:: Problem details ::
Would you copy exactly the lines in the data below from the one that has "EX-4采用氯丁橡胶密封的两" through the one that has "Hračka je vybavena", dropping any pictures?

:: Records provided ::
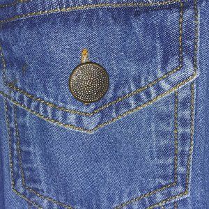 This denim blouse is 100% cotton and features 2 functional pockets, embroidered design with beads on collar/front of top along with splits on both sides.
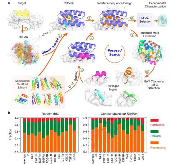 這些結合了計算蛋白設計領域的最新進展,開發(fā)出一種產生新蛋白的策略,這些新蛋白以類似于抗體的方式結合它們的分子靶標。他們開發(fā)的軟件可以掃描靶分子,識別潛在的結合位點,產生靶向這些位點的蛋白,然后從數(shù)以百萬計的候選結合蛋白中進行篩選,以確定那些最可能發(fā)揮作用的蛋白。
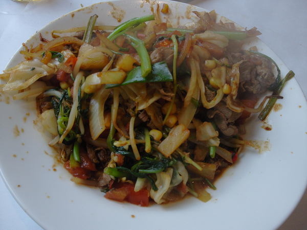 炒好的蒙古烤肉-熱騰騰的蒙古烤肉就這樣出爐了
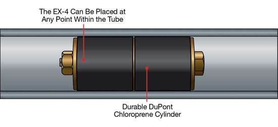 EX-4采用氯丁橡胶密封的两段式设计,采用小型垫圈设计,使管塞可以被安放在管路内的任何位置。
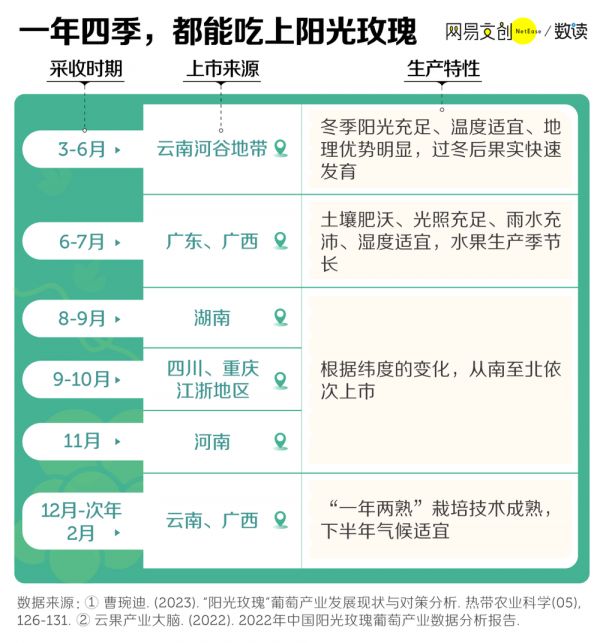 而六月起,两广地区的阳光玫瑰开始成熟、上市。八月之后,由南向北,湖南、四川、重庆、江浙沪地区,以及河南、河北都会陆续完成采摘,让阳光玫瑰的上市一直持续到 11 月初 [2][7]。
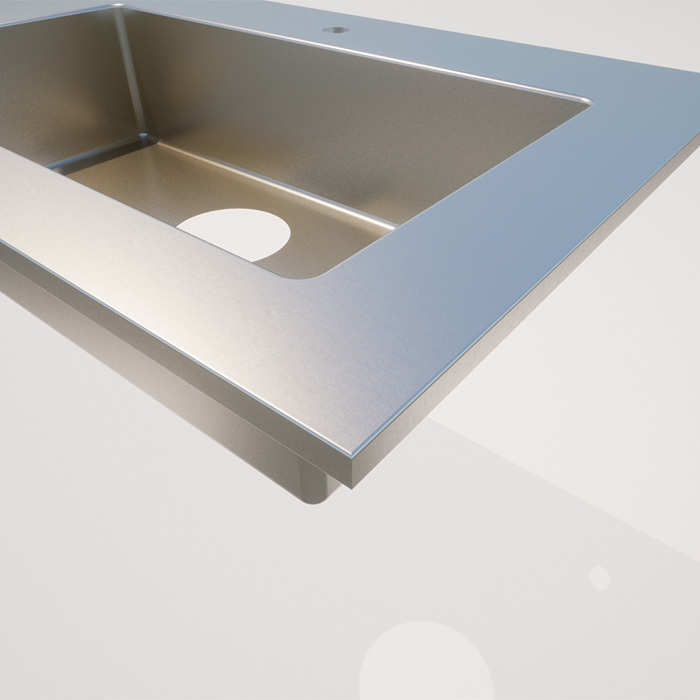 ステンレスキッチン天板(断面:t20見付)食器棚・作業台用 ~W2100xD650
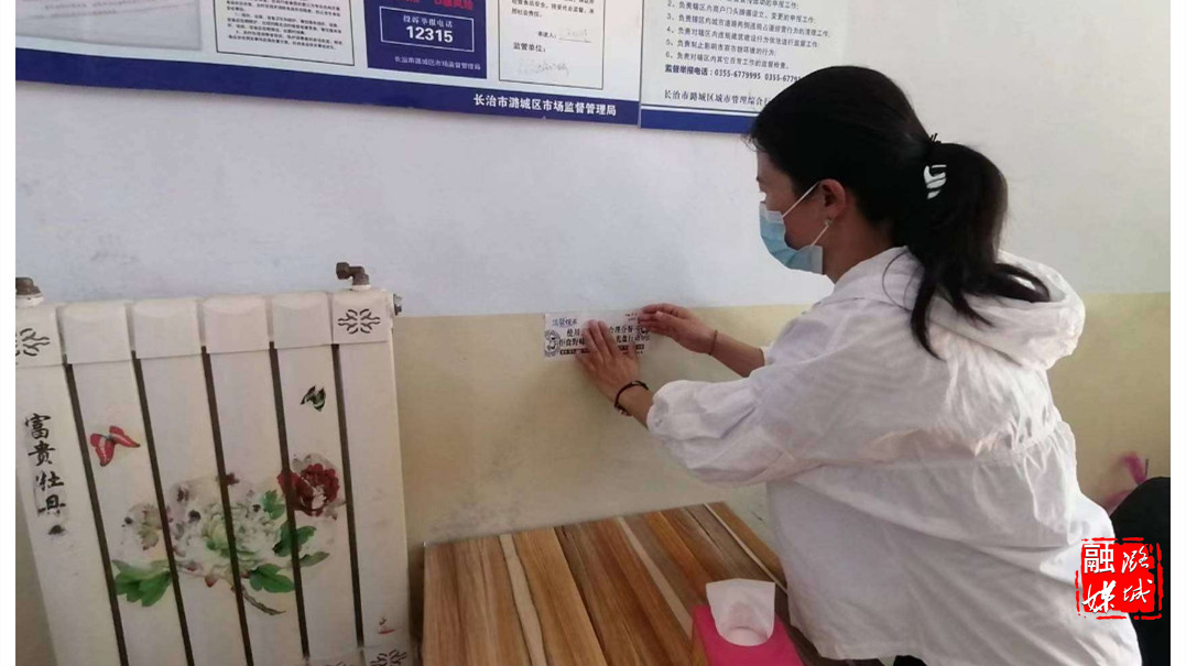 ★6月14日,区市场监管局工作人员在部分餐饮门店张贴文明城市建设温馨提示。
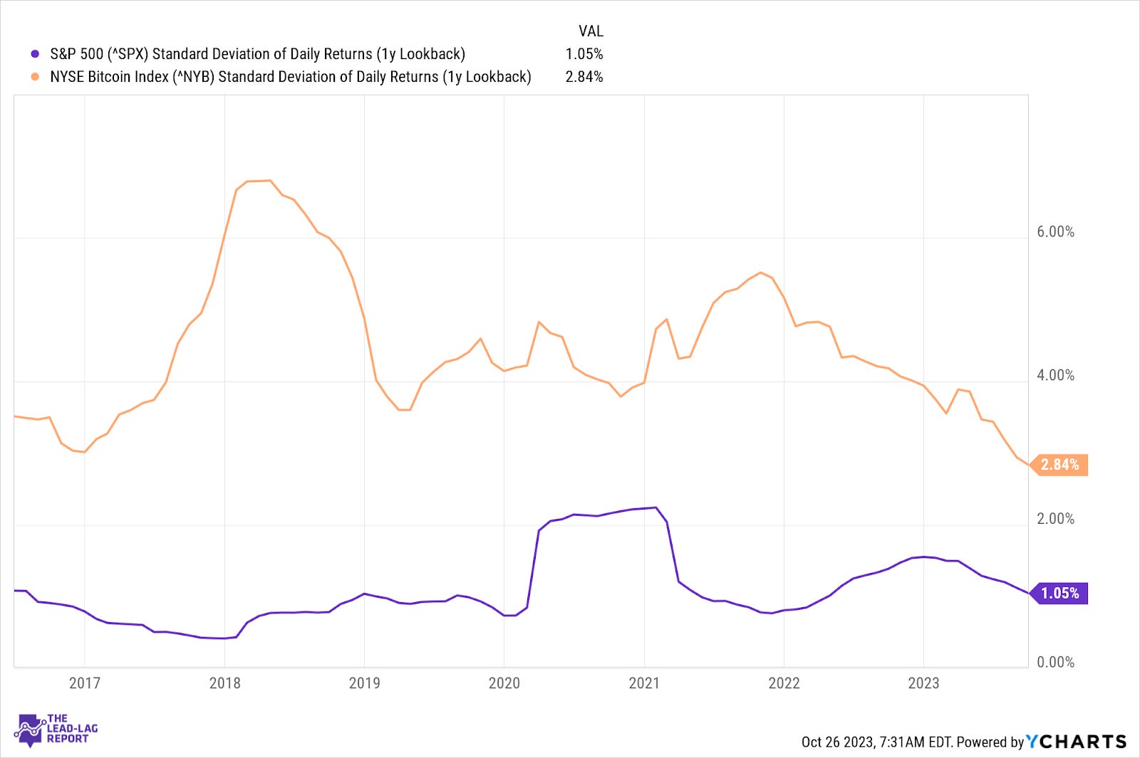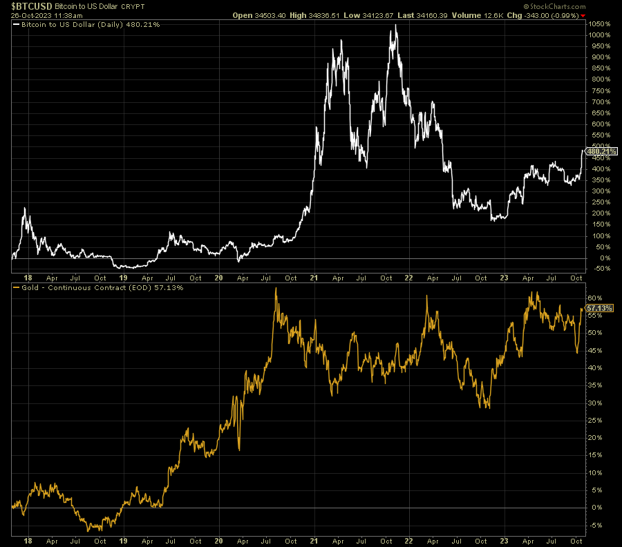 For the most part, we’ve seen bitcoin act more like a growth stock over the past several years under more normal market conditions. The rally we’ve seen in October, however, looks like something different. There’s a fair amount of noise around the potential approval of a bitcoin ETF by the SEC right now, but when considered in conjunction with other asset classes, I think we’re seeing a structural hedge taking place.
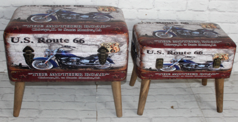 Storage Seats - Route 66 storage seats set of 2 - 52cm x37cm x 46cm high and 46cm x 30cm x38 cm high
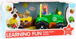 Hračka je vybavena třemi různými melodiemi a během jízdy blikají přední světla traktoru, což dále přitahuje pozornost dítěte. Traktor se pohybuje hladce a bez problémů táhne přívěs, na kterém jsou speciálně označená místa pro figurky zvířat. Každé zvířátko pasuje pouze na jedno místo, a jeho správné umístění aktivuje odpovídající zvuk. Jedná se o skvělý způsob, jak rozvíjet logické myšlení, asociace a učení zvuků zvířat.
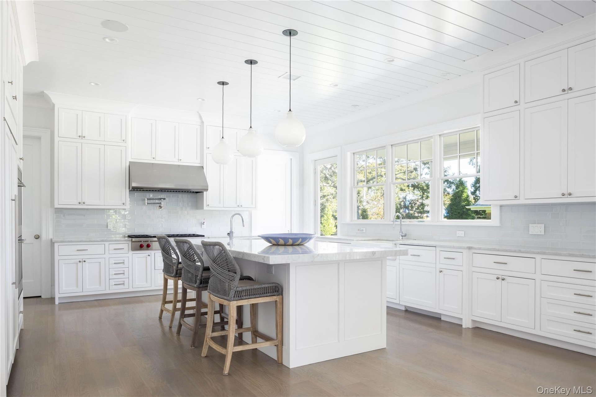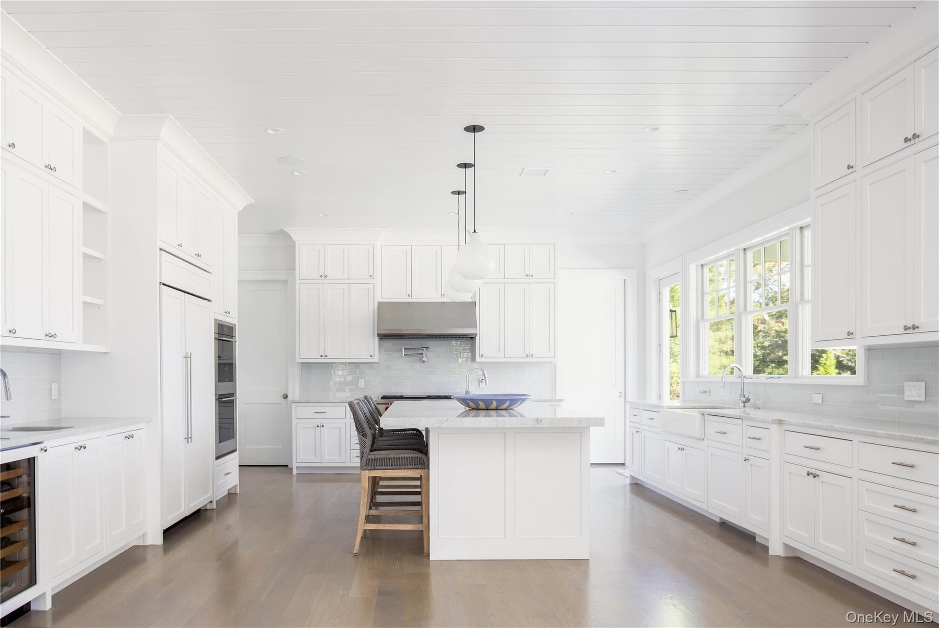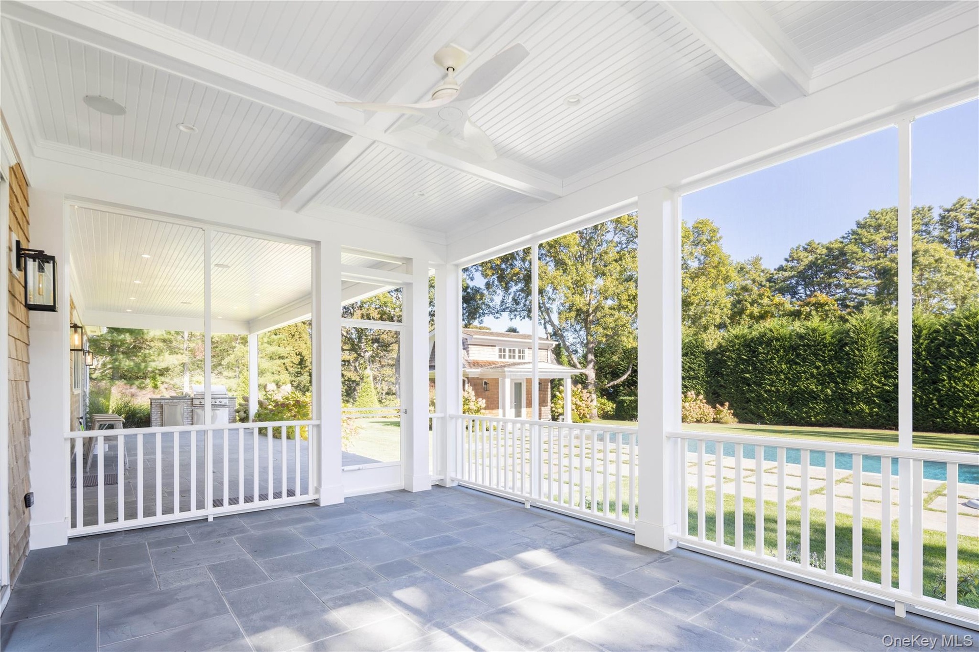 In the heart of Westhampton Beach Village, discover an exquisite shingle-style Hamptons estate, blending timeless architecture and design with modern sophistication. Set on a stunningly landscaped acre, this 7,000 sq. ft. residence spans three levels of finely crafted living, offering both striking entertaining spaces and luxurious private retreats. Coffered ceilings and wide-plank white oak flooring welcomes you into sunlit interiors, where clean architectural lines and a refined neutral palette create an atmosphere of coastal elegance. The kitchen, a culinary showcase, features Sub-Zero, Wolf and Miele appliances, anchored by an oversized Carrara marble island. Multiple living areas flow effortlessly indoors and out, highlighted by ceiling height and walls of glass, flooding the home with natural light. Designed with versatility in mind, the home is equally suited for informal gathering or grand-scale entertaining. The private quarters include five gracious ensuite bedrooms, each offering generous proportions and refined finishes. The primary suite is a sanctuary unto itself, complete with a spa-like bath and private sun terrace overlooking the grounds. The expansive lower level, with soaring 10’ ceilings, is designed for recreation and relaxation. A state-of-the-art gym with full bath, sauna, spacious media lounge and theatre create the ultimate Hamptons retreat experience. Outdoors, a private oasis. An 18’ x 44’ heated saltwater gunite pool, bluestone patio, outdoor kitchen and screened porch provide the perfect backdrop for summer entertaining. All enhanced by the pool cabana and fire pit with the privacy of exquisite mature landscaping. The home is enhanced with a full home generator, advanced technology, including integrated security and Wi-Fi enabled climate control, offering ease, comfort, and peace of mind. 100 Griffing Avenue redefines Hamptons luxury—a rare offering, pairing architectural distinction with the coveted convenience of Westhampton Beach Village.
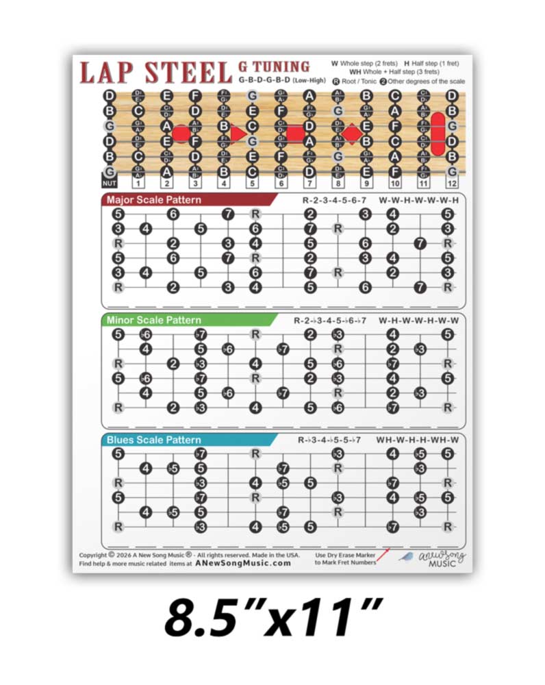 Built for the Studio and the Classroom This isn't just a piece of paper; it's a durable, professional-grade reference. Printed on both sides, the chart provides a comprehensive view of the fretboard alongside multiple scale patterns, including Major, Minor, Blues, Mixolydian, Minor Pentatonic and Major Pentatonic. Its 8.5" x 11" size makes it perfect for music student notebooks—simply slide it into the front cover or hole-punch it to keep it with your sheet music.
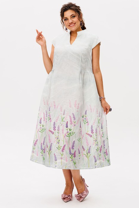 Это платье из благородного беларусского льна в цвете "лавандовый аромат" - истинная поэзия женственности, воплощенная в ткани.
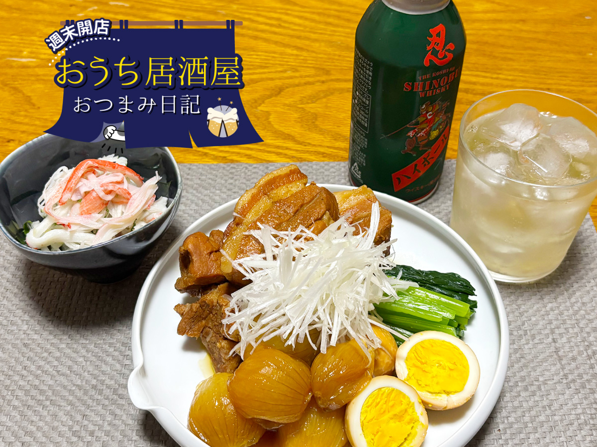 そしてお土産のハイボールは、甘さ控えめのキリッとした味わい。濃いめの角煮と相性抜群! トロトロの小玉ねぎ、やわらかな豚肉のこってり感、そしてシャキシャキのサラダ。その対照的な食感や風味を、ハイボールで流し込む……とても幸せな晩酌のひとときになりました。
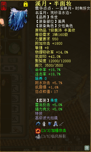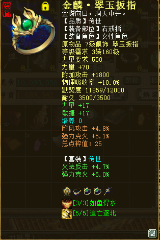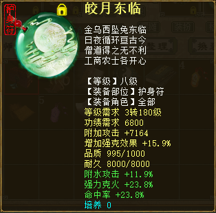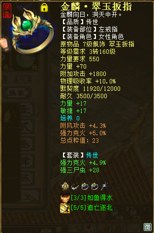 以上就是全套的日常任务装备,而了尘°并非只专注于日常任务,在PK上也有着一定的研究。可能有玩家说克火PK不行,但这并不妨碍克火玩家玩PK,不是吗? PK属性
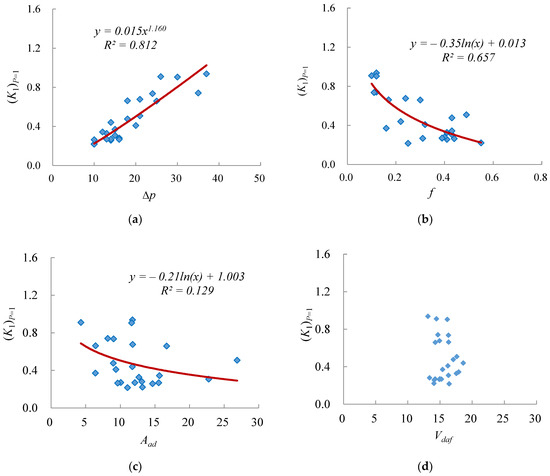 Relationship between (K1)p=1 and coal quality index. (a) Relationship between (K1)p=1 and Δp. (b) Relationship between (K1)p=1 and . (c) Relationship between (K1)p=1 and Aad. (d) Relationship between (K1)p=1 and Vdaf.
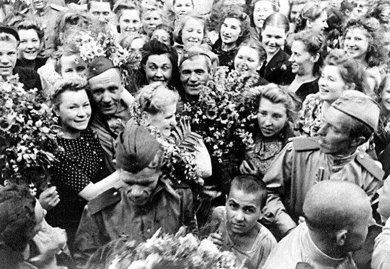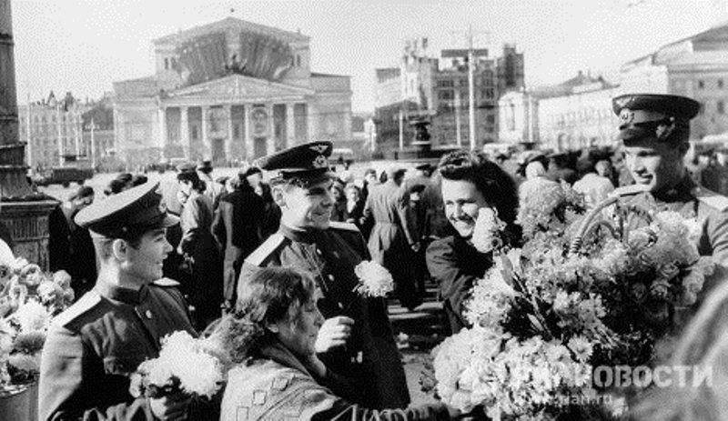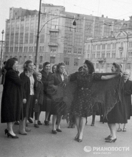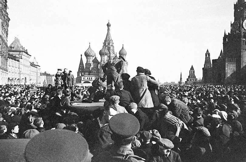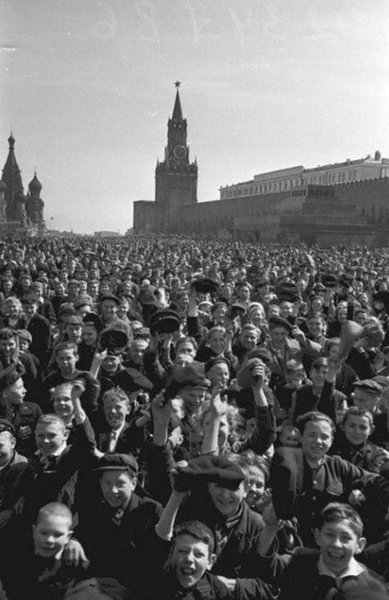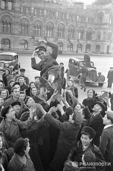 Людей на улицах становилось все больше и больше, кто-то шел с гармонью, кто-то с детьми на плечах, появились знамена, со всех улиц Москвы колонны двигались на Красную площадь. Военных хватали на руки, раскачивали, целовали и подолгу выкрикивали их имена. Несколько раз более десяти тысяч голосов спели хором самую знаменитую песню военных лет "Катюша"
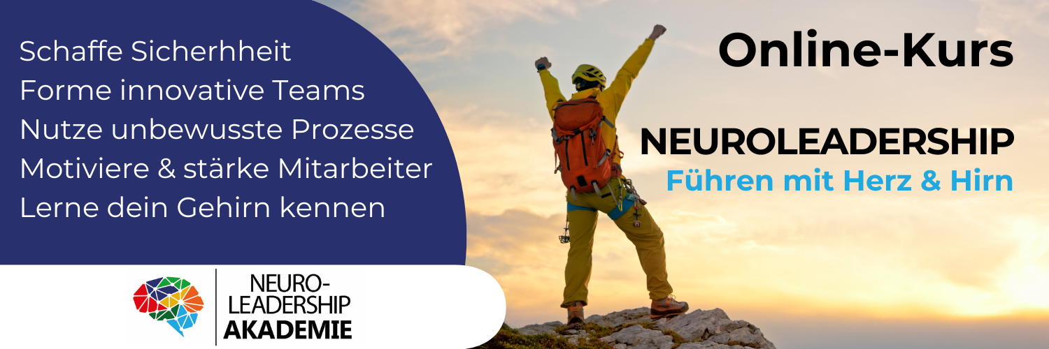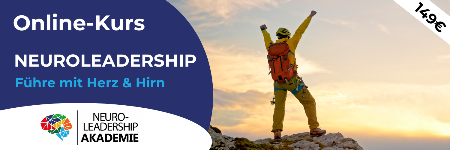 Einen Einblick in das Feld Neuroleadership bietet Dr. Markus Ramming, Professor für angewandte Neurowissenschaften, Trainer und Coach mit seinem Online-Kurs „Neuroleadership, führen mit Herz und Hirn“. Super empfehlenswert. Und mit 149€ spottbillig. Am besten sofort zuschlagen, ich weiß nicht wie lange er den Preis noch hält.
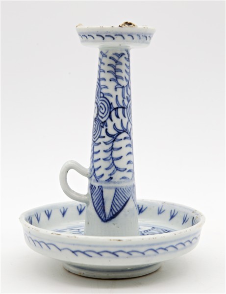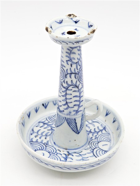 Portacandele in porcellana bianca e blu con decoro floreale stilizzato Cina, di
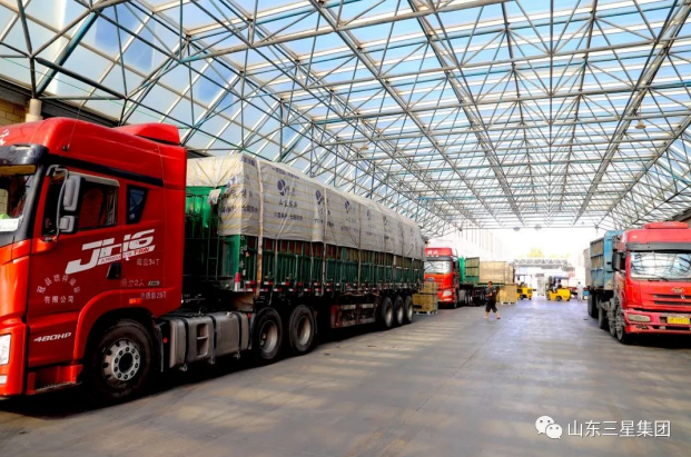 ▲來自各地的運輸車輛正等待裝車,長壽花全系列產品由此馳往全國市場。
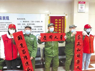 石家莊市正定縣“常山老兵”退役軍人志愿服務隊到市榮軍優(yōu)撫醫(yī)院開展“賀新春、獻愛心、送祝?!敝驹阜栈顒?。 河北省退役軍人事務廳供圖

:: Response area ::
 EX-4采用氯丁橡胶密封的两段式设计,采用小型垫圈设计,使管塞可以被安放在管路内的任何位置。
 而六月起,两广地区的阳光玫瑰开始成熟、上市。八月之后,由南向北,湖南、四川、重庆、江浙沪地区,以及河南、河北都会陆续完成采摘,让阳光玫瑰的上市一直持续到 11 月初 [2][7]。
 ステンレスキッチン天板(断面:t20見付)食器棚・作業台用 ~W2100xD650
 ★6月14日,区市场监管局工作人员在部分餐饮门店张贴文明城市建设温馨提示。
 For the most part, we’ve seen bitcoin act more like a growth stock over the past several years under more normal market conditions. The rally we’ve seen in October, however, looks like something different. There’s a fair amount of noise around the potential approval of a bitcoin ETF by the SEC right now, but when considered in conjunction with other asset classes, I think we’re seeing a structural hedge taking place.
 Storage Seats - Route 66 storage seats set of 2 - 52cm x37cm x 46cm high and 46cm x 30cm x38 cm high
 Hračka je vybavena třemi různými melodiemi a během jízdy blikají přední světla traktoru, což dále přitahuje pozornost dítěte. Traktor se pohybuje hladce a bez problémů táhne přívěs, na kterém jsou speciálně označená místa pro figurky zvířat. Každé zvířátko pasuje pouze na jedno místo, a jeho správné umístění aktivuje odpovídající zvuk. Jedná se o skvělý způsob, jak rozvíjet logické myšlení, asociace a učení zvuků zvířat.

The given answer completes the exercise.